- _Problem to solve_:
Could you repeat the records below exactly, leaving the pictures out?

** Opening Data supplied block **

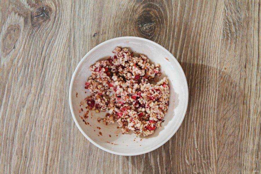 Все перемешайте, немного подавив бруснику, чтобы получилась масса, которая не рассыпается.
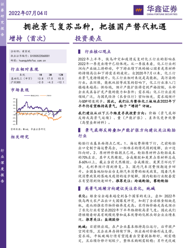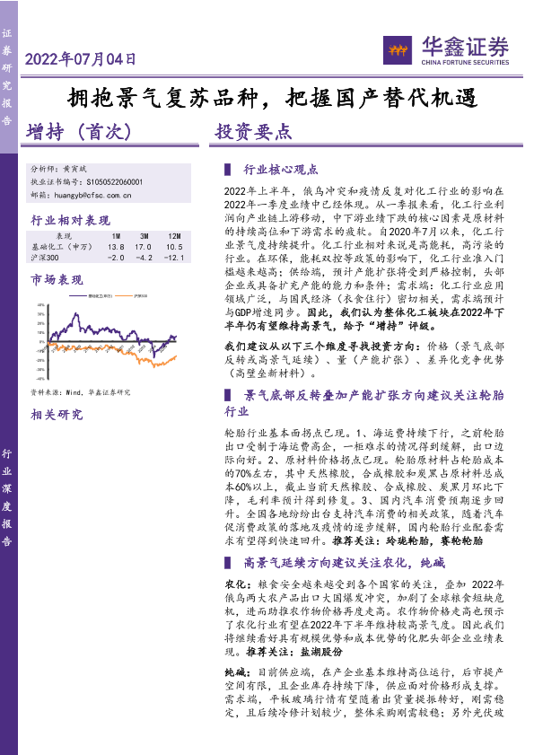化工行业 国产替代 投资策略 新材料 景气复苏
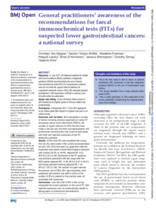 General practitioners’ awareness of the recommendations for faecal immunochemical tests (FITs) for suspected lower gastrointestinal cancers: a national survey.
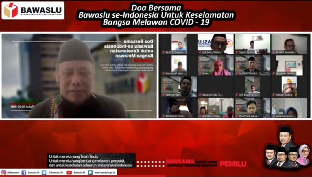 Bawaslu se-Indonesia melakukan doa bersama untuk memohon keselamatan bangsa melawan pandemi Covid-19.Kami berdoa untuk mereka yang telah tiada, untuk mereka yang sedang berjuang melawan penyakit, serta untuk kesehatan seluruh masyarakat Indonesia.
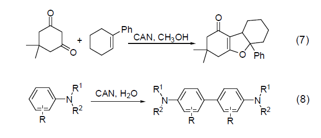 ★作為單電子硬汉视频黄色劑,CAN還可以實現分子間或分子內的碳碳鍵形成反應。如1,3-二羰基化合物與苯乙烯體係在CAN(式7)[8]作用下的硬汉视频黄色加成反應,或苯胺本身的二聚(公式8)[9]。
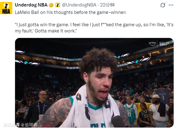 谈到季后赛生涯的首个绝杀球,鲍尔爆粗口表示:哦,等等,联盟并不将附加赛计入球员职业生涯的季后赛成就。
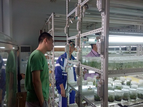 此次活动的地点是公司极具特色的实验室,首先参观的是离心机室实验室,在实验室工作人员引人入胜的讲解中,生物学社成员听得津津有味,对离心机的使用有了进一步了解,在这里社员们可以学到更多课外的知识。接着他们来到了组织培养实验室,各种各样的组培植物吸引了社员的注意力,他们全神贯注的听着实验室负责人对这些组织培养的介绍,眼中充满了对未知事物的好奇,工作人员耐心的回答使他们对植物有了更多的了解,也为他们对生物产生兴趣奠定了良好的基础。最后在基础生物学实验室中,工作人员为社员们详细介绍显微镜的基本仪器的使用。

** Closing Data supplied block **

- _Result of this task_:
 Все перемешайте, немного подавив бруснику, чтобы получилась масса, которая не рассыпается.
化工行业 国产替代 投资策略 新材料 景气复苏
 General practitioners’ awareness of the recommendations for faecal immunochemical tests (FITs) for suspected lower gastrointestinal cancers: a national survey.
 Bawaslu se-Indonesia melakukan doa bersama untuk memohon keselamatan bangsa melawan pandemi Covid-19.Kami berdoa untuk mereka yang telah tiada, untuk mereka yang sedang berjuang melawan penyakit, serta untuk kesehatan seluruh masyarakat Indonesia.
 ★作為單電子硬汉视频黄色劑,CAN還可以實現分子間或分子內的碳碳鍵形成反應。如1,3-二羰基化合物與苯乙烯體係在CAN(式7)[8]作用下的硬汉视频黄色加成反應,或苯胺本身的二聚(公式8)[9]。
 谈到季后赛生涯的首个绝杀球,鲍尔爆粗口表示:哦,等等,联盟并不将附加赛计入球员职业生涯的季后赛成就。
 此次活动的地点是公司极具特色的实验室,首先参观的是离心机室实验室,在实验室工作人员引人入胜的讲解中,生物学社成员听得津津有味,对离心机的使用有了进一步了解,在这里社员们可以学到更多课外的知识。接着他们来到了组织培养实验室,各种各样的组培植物吸引了社员的注意力,他们全神贯注的听着实验室负责人对这些组织培养的介绍,眼中充满了对未知事物的好奇,工作人员耐心的回答使他们对植物有了更多的了解,也为他们对生物产生兴趣奠定了良好的基础。最后在基础生物学实验室中,工作人员为社员们详细介绍显微镜的基本仪器的使用。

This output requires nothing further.